Doing so sends a remote command to the machine to destroy—irrecoverably—all files and folders in the My Documents directory and everything in the Settings folder, where all user data, including Internet history, cookies, and logon information, is stored. All that's left is the operating system. Meanwhile, the Inspice Trace software continues to track the machine's location.
Nuclear Option Plus
On the Mac side, a Belgian company called Orbicule has developed a program called Undercover that does many of the things that CompuTrace does, but with a few twists. First, it sends screen shots of what your Mac is being used for. And if your machine has a built-in iSight camera, as most recent Apple notebooks do, it snaps a picture of the person who has your machine every six minutes. If the machine can't be recovered, Undercover makes it start misbehaving.
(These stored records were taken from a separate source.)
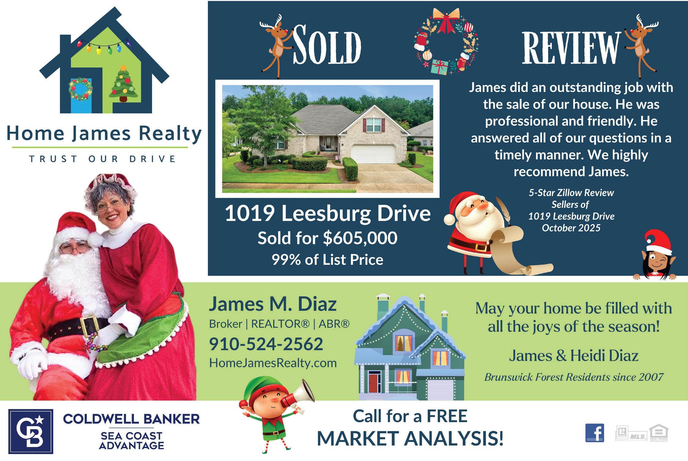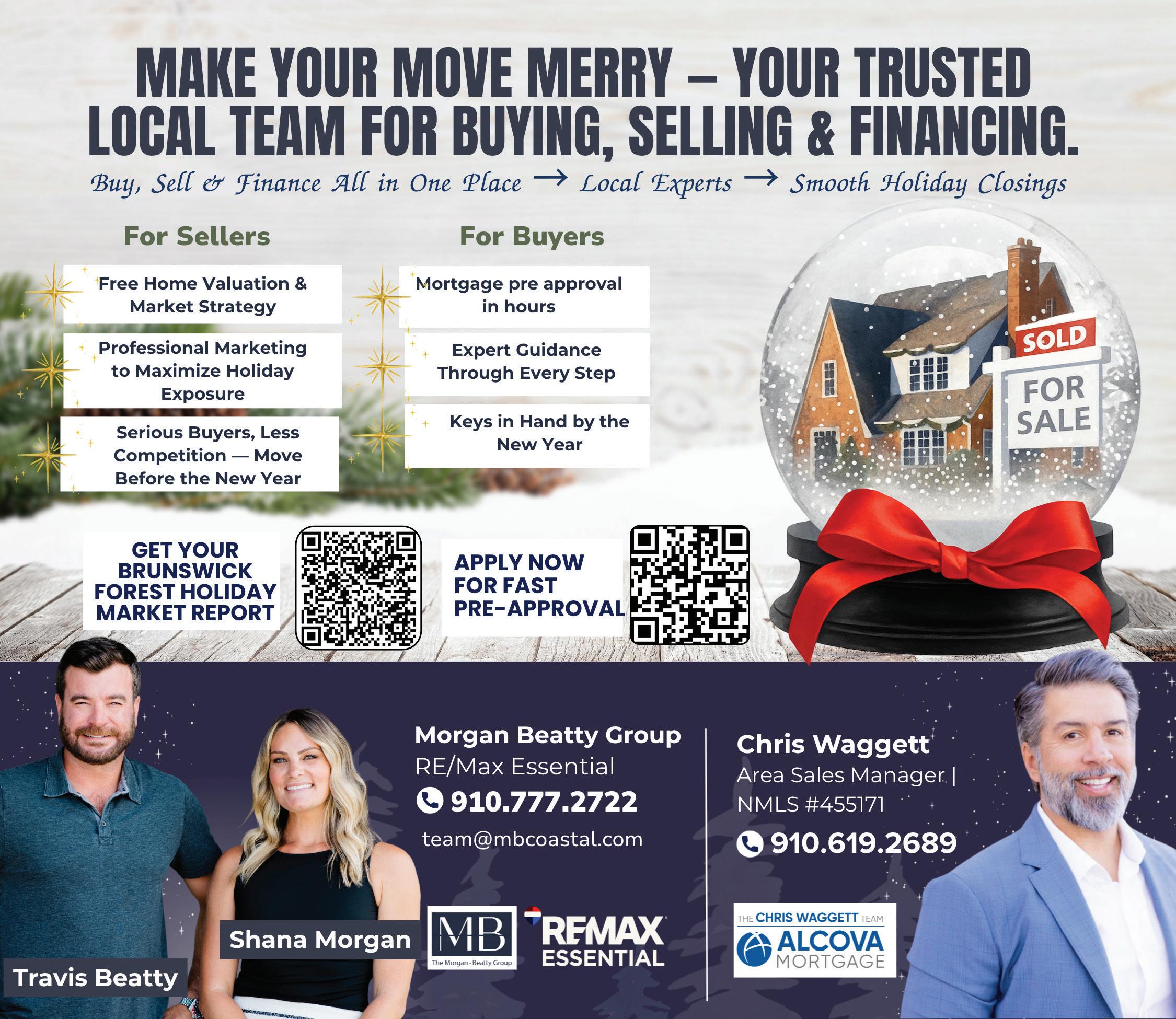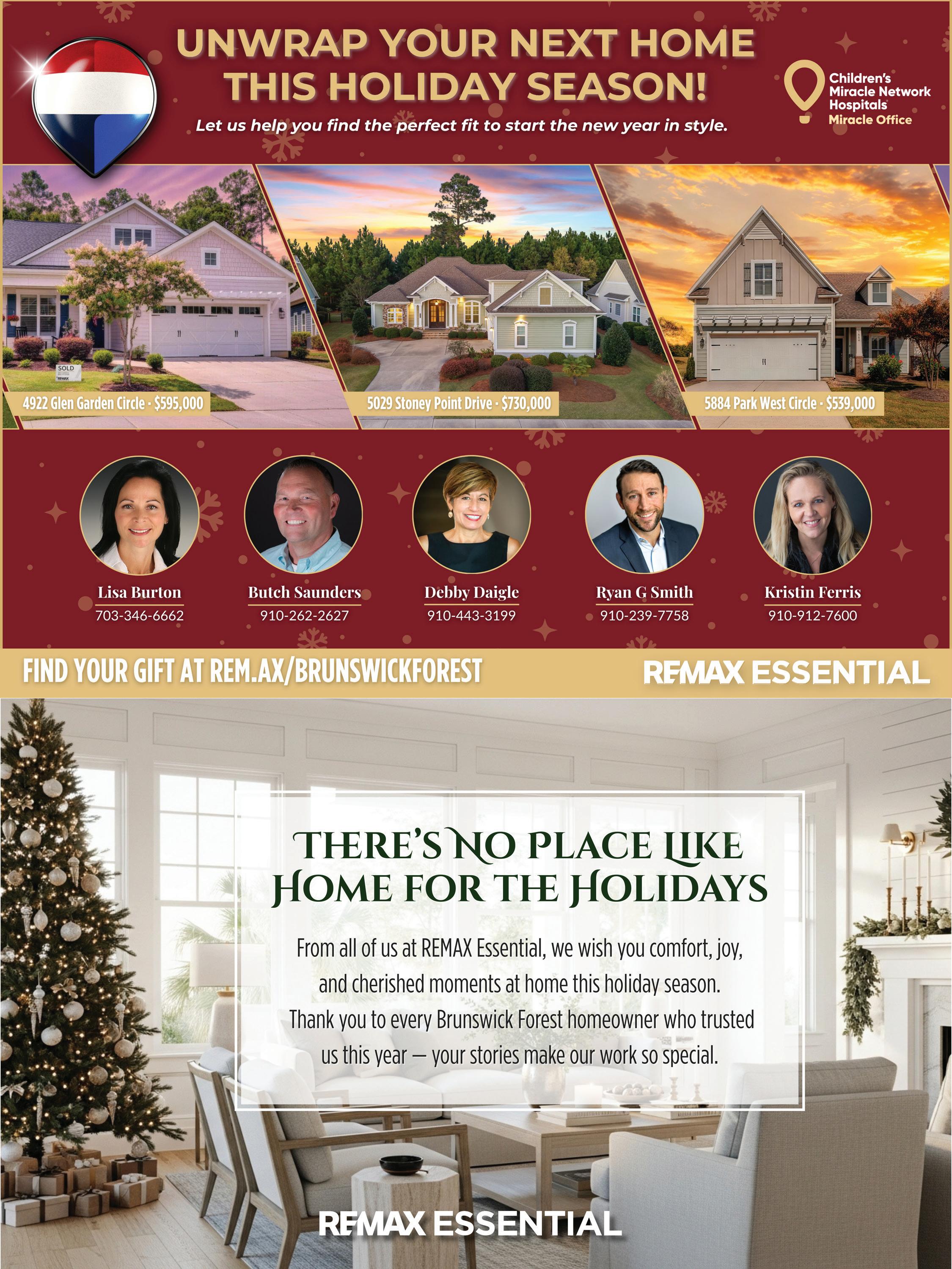 I’d like to take a moment to personally thank Tiffany Singleton and Katy Ingalls from the Fitness and Wellness Center for all the wonderful events they’ve organized this year— from the Annual Regatta to Movies in the Park and Bands at the Pool. These two do so much to keep our community educated, entertained, and healthy. I’m also grateful for their help with this month’s feature, “How Brunswick Forest Celebrates Christmas.”
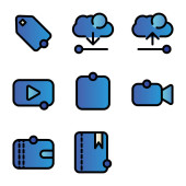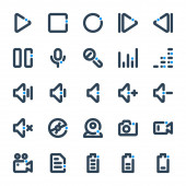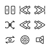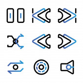 Zdjęcie "Zestaw ikon muzycznych i multimedialnych obejmuje głośność, dźwięk, muzykę, wyciszenie, skip, start, odtwarzacz audio, koniec, odtwarzanie, słuchawki, słuchawki, stop, kwadrat, nagrywanie, głośnik, audio, ulubione, miłość" może być wykorzystywane do celów osobistych i komercyjnych zgodnie z warunkami zakupionej licencji Royalty-free. Obraz jest dostępny do pobrania w jakości wysokiej rozdzielczości do 5760x3840.
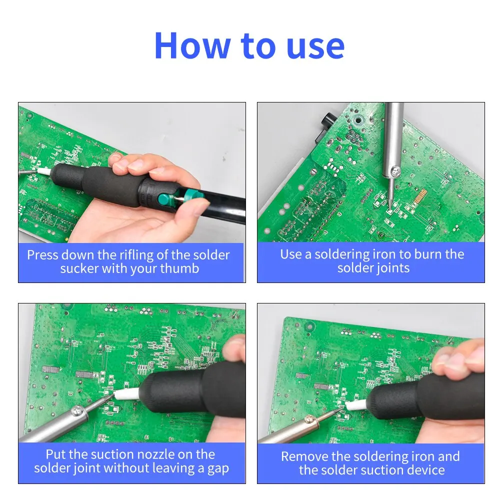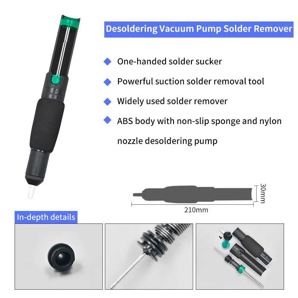 • Powerful Desoldering :The Pump Solder Sucker is a robust desoldering instrument that may simply take away solder from circuit boards and different digital parts.
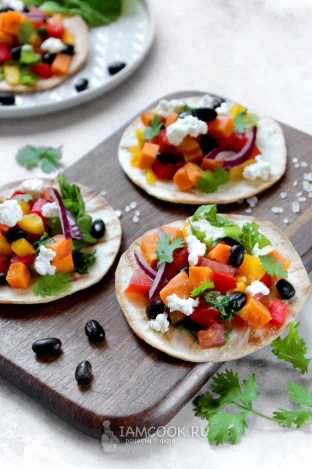 Для перекуса предлагаю приготовить небольшие в диаметре овощные тортильи — такие подают открытыми или слегка согнутыми. Выбирайте начинку по сезону, желанию. Чем больше цвета, разной фактуры и аромата, тем лучше. Соединяйте отварные, сырые, запеченные, консервированные дары природы.

The screen starts to go dark, until it is unusable after 30 minutes. The idea is that the unreadable screen will prompt the thief to seek help from a certified Mac repair tech. At the repair shop, the previously darkened machine reveals itself to be a stolen machine, offering a finder's fee for the machine's prompt return.
Sound the Alarm
Nothing impedes a thief like a nice loud alarm. Targus' Defcon 1 sounds a 95-decibel alarm when the steel cable connecting it to your notebook or its carrying case is severed, or when the motion sensor embedded in its body is triggered.
The best prevention is often good ol' common sense. When traveling, don't let your notebook leave your person, carry cables to secure it to furniture in your hotel room, and, if one is available, lock it up in a hotel-room safe when you're not in the room. And, finally, as a hedge against all good intentions, regularly back up your important data to an external hard drive at home or at the office.